Example 6: This example gets the average (mean) size for each distinct host.

./splunk search "* | chart avg(size) by host"

Example 7: This example gets the max delay by size, where size is broken down into up to 10 equal sized buckets.

./splunk search "* | chart max(delay) by size bins=10"

cluster

This data-processing command clusters events together based on their similarity to each other and represents that cluster with a single event. Use cluster to reduce a search with large number of similar events to fewer clusters that are much more manageable to view. This is useful if you want to find the most common or rarest events in your data.

How cluster works:

Splunk creates clusters by comparing events using the data in a field that you specify. Specify a field to compare using the field option (default field = _raw). Data in the field is broken into chunks for comparison. You can change how data is broken up by specifying delimiters (By default, every character except: 0-9, A-Z, a-z, and '_' are delimiters). Splunk evaluates the chunks of data in each event, and then compares them with a representative event from each cluster. If an event matches an existing cluster, it becomes a part of that cluster. If an event doesn't match a cluster, it starts a new cluster and becomes the representative event for that cluster.

You can change the threshold Splunk uses to determine how similar events must be to match in a cluster (from 0.0 to 1.0, default = 0.8). Set a higher threshold to create more clusters, and a lower to create fewer. The higher the threshold, the more events must match to be a part of the same cluster.

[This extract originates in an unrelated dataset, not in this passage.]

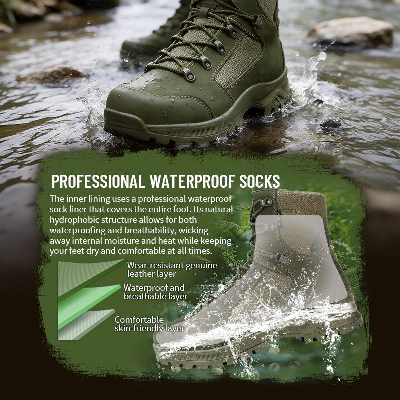 Kobud ərazi. Gizli təhlükələr. Gözlənilməz torpaq. Deşilməyən Suya Dayanıqlı Döyüş Çəkmələri aşağı baxmaq və narahat olmaq imkanı olmayan anlar üçün hazırlanmışdır. Dırnaqları, şüşələri və iti zibilləri dayandıran deşilməyə davamlı orta altlıq, üstəlik yaş şəraitdə hərəkətinizi təmin edən tam suya davamlı qoruma ilə hazırlanmışdır. Əlavə məlumat üçün bizə sorğu göndərin.

When you apply cluster, your search results are reduced to display a single representative event for each cluster of events. If you want to retain your original event data and only label what cluster events belong to, set the labelonly option to TRUE (T).

Syntax

cluster [cluster-options]...

Arguments

cluster-options threshold | delimiters | showcount | countfield | labelfield | field | labelonly Options to configure clustering.
threshold T=number 0.0-1.0 (0.8) Set the threshold to specify how closely events must match in order to be clustered. Setting closer to 1 means that events have to be more similar to be in the same cluster.
delimiters delims=character list Specify the delimiters to separate tokens in clusters with. By default, every character except: 0-9, A-Z, a-z, and '_' are delimiters. Specify a space-delimited list of delimiters to override the default setting.
showcount showcount=(T | F) (T) Specify whether to show the size of each cluster. Default is TRUE (T). If labelonly is set to TRUE, then the size will not be shown.
countfield countfield=field name (cluster_count) Specify the name of a field to write the cluster size to.
labelfield labelfield=field name (cluster_label) Specify the name of a field to write the cluster number to.
field field=field name (_raw) Specify the name of a field to analyze for clustering. The default is _raw.
labelonly labelonly=(T | F) (T) If set to true, will not reduce clusters to a single event per cluster. Will instead, keep original event data, and label each event with their cluster number.

Examples

Splunk Web:

This example returns the 20 most common clusters of events. First, it searches for syslog events that don't have the term "juniper". Then clusters the events and sorts the clusters by cluster_count. The Results returned will be the first 20 events, which are the 20 largest clusters (in data size).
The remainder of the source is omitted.